+++ RECORDED INFORMATION
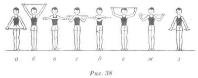 Несимметричные положения с палкой Палку к плечу — палка удерживается у плеча большим и указательным пальцами, остальные поддерживают ее снизу (рис. 39, а). Это основное положение с гимнастической палкой во время передвижения. С палкой «вольно» — положение занимающегося соответствует стойке «вольно» в разомкнутом строю без предмета. Левый конец палки при этом касается пола около левого носка, левую руку на пояс (рис. 39, б). Палку вправо (влево) — палка удерживается правой (левой) рукой за один конец, составляя с нею прямую линию (рис. 39, в).в Палку вправо (влево)-книзу (кверху) — палка поднята или опущена на 45° от положения «палку вправо (влево)». Палку к плечу вперед (вправо, кверху, вправо-кверху и др.) — левая рука удерживает палку у правого плеча, а правая в указанном направлении (рис. 39, г, д). Палку к бедру кверху (вправо, вперед) — палка удерживается у правого (левого) бедра разноименной рукой, а одноименной рукой в указанном направлении (рис. 39, е). Палку на голову вправо (за голову, на грудь, и т. п.) — палка удерживается левой рукой за конец и касается головы, а правой — в указанном направлении (рис. 39, ж).
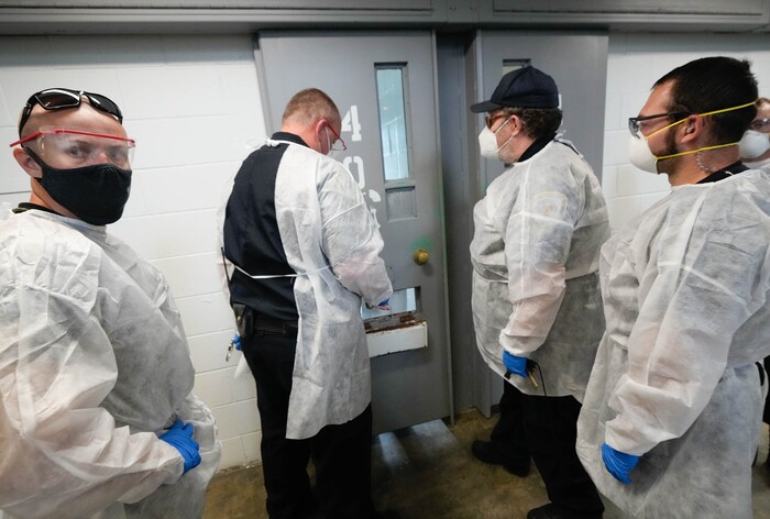 (Francisco Kjolseth | The Salt Lake Tribune) Prison guards suit up in PPE gear at the Utah State Prison in Draper on Tuesday, July 27, 2021, before a vaccination event with incoming inmates who want the COVID-19 vaccine.
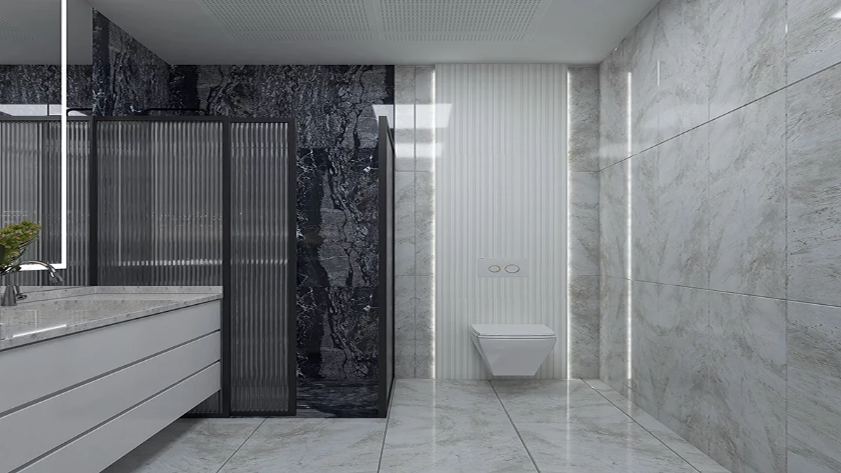 shower cabins made of tempered glass in all bathrooms,
++++++
PROBLEM STATEMENT
Print the data above exactly, minus pictures.

SOLUTION TO THIS TASK
 Несимметричные положения с палкой Палку к плечу — палка удерживается у плеча большим и указательным пальцами, остальные поддерживают ее снизу (рис. 39, а). Это основное положение с гимнастической палкой во время передвижения. С палкой «вольно» — положение занимающегося соответствует стойке «вольно» в разомкнутом строю без предмета. Левый конец палки при этом касается пола около левого носка, левую руку на пояс (рис. 39, б). Палку вправо (влево) — палка удерживается правой (левой) рукой за один конец, составляя с нею прямую линию (рис. 39, в).в Палку вправо (влево)-книзу (кверху) — палка поднята или опущена на 45° от положения «палку вправо (влево)». Палку к плечу вперед (вправо, кверху, вправо-кверху и др.) — левая рука удерживает палку у правого плеча, а правая в указанном направлении (рис. 39, г, д). Палку к бедру кверху (вправо, вперед) — палка удерживается у правого (левого) бедра разноименной рукой, а одноименной рукой в указанном направлении (рис. 39, е). Палку на голову вправо (за голову, на грудь, и т. п.) — палка удерживается левой рукой за конец и касается головы, а правой — в указанном направлении (рис. 39, ж).
 (Francisco Kjolseth | The Salt Lake Tribune) Prison guards suit up in PPE gear at the Utah State Prison in Draper on Tuesday, July 27, 2021, before a vaccination event with incoming inmates who want the COVID-19 vaccine.
 shower cabins made of tempered glass in all bathrooms,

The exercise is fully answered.